I'm not sure about the exact workings of it in PHP, but in some other languages an object containing other objects, when set to null, does not inherently set the other objects to null. It terminates the reference to those objects, but as PHP does not have "garbage collection" in a Java sense, the sub-objects exist in memory until they are removed individually.

Jason
A: 

I believe this comment in the User Contributed Notes for unset() tell the story you're seeing in your test code.
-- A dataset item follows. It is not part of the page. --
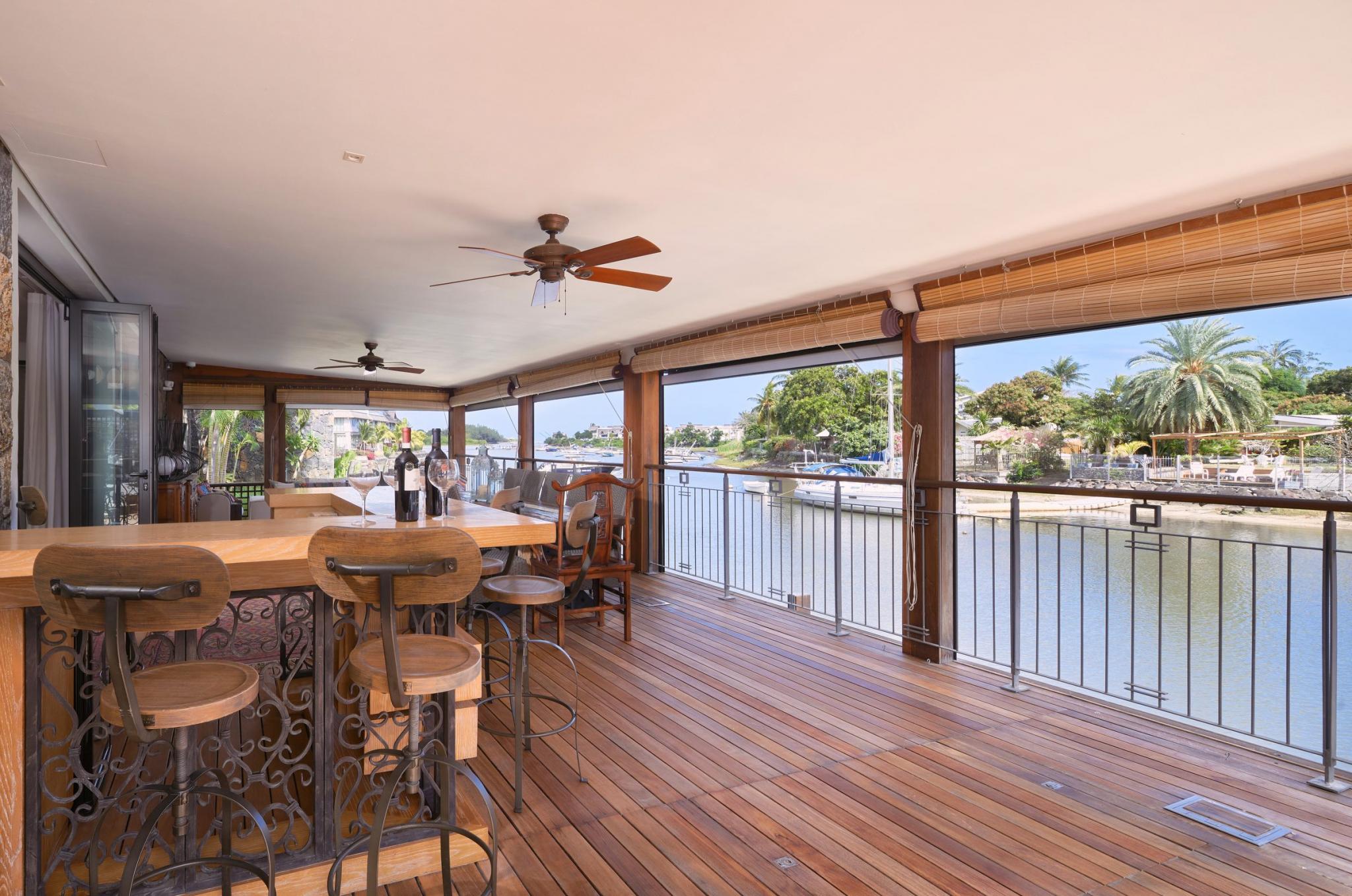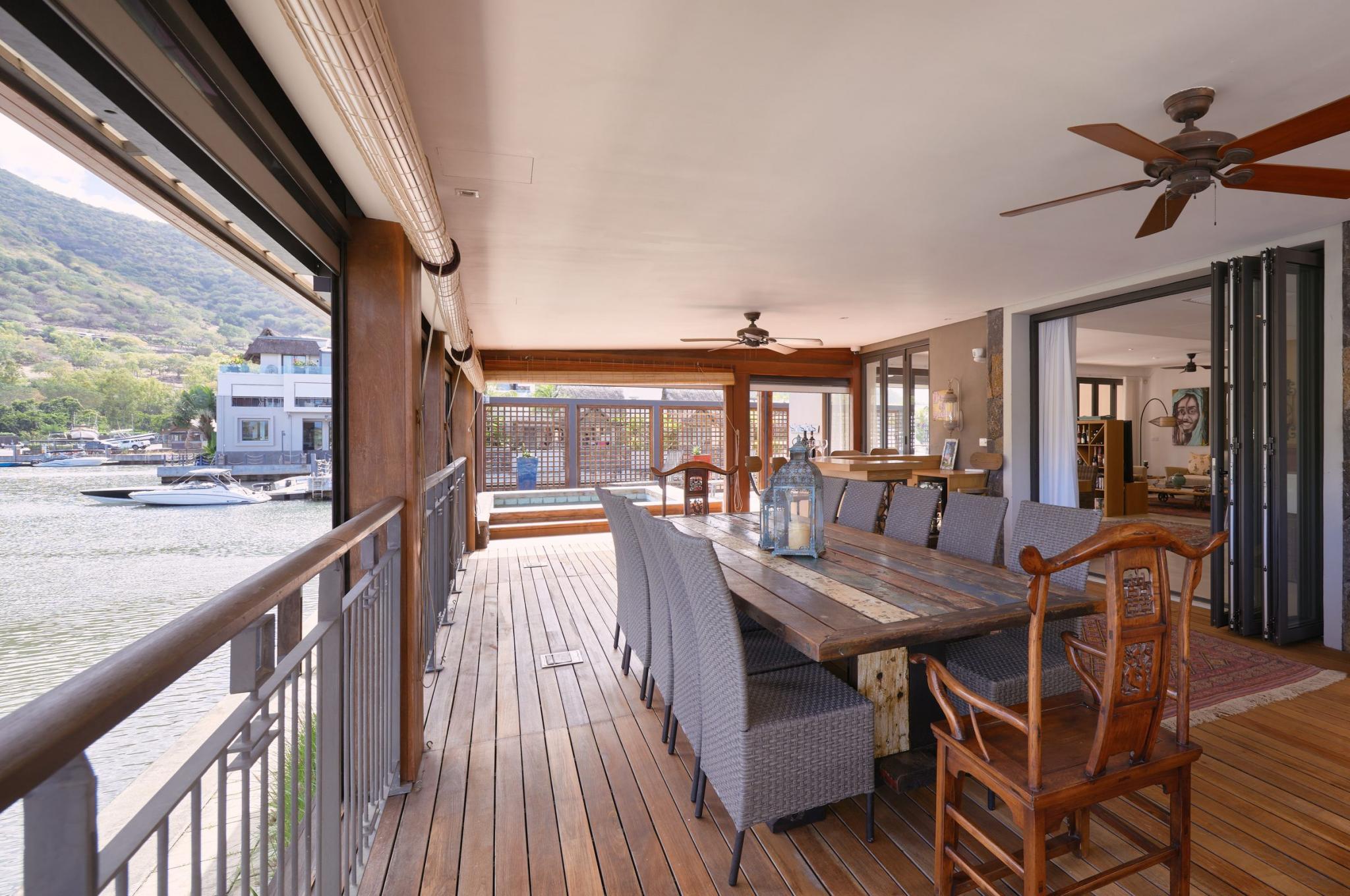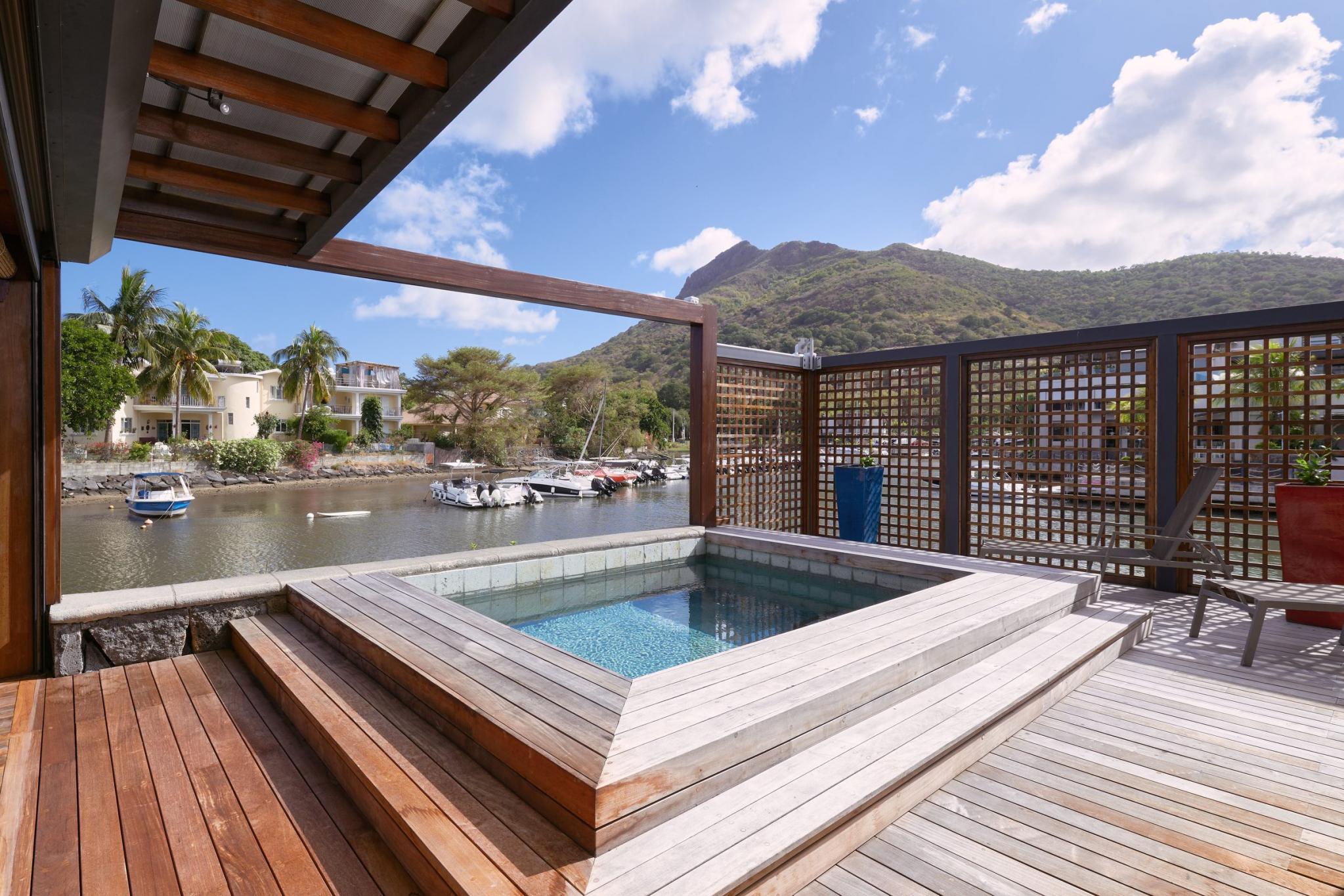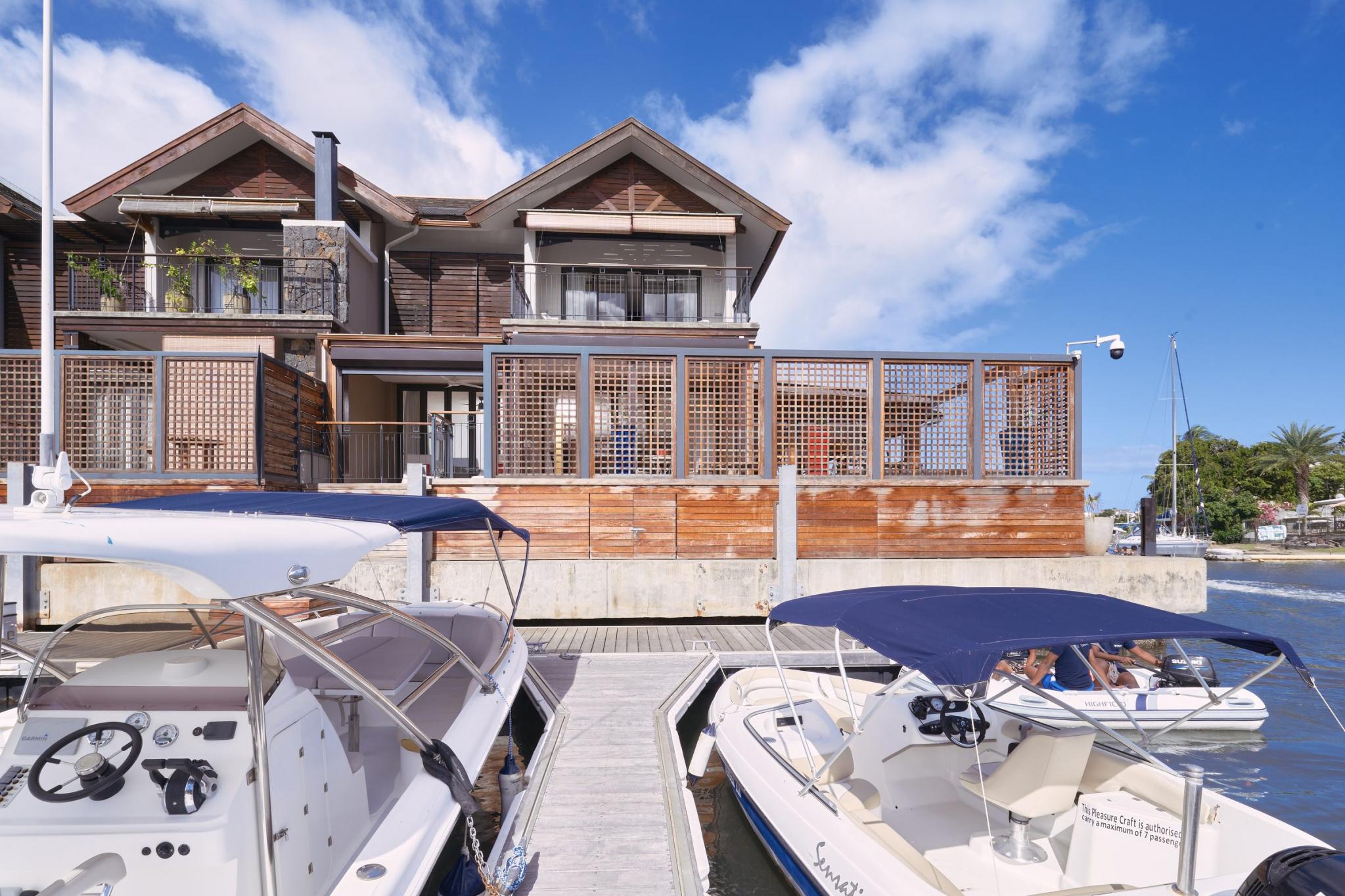 “It is life, I think, to watch the water. A man can learn so many things.” ― Nicholas Sparks In exclusivity with Mauritius Sotheby’s International Realty, welcome to the most desirable location on the Marina! A true oasis on the water’s edge, the ultimate vantage point to observe everyday nautical life in and around La Balise Marina, this 3-bedroom duplex is a pure gem. With outlooks to the West, North, and East, the owners of this dreamy duplex have optimized the unique position with a bespoke, wooden deck, that runs the full length of the property and connects back around to the front.It’s the perfect setup for entertaining family and friends on the water, and the most effortless, boat-in/boat-out experience one is likely to find. There are 3 en-suite bedrooms, all on the first floor, 2 of which have fabulous views. The extended master suite offers extra closet space, a large en-suite, and a private, sun-filled, balcony for some quiet time.Downstairs you will find an open plan living room and fully equipped kitchen, a guest WC and store room neatly fitted under the stairs, a scullery and covered outdoor sink & bins area – perfect for drying laundry out of sight. ‘La piece de résistance’ has to be the generous L-shaped deck complete with a private pool, bar, and plenty of place for a large dining table and outdoor seating area. An entertainer’s paradise, this USP really opens up the home, letting in natural light and creating such wonderful space, while still working remarkably well as a lock up and go. Clear, electric roll-down blinds efficiently shield the deck should undesirable weather roll in, while maintaining the unobstructed views of the bay and La Tourelle Mountain.Built circa 2015 and lovingly maintained by a single owner who has continuously improved on practical aspects and aesthetics which lend such endless charm to this home. Perfect for all lovers of the sea who are looking for a permanent or semi-permanent residence on the warm and calm waters of Black River. Other enviable features include 3 private berths of 12 to 15M in length, a large boat garage/hanger, and a covered parking bay. If not needed, the pontoons and boat hangers are always in high demand and can be rented out, thereby comfortably covering monthly upkeep and syndic levies.La Balise Marina is the only residential marina in Mauritius, services and amenities include 24hr security, a 25M lap pool, tennis court, clubhouse and pool, and boutique owners fitness room. Boat charter operators and management service providers are close by as well as office space and a popular restaurant just across the water.

I'm not sure I can be of more help than that.

Peter Bailey
+1  A: 

memory_get_usage reports how much memory php has allocated from the os. It doesn't necessarily match the size of all variables in use. If php has a peak use of memory, it may decide not to return the unused amount of memory right away. In your example, the function waste_a_little_less_memory unsets unused variables over time. So the peak usage is relatively small. The waste_lots_of_memory builds up a lot of variables (=lots of used memory) before deallocating it. So the peak usage is much larger.

troelskn
+3  A: 

memory_get_usage() "Returns the amount of memory, in bytes, that's currently being allocated to your PHP script."

That's the amount of memory allocated to the process by the OS, not the amount of memory used by assigned variables. PHP does not always release memory back to the OS -- but that memory can still be re-used when new variables are allocated.

Demonstrating this is simple. Change the end of your script to:

memstat();
waste_lots_of_memory(10000);
memstat();
waste_lots_of_memory(10000);
memstat();

Now, if you're correct, and PHP is actually leaking memory, you should see memory useage grow twice. However, here's the actual result:

current memory usage: 88272
current memory usage: 955792
current memory usage: 955808

This is because memory "freed" after the initial invocation of waste_lots_of_memory() is re-used by the second invocation.

In my 5 years with PHP, I've written scripts that have processed millions of objects and gigabytes of data over a period of hours, and scripts that have run for months at a time. PHP's memory management isn't great, but it's not nearly as bad as you're making it out to be.

Frank Farmer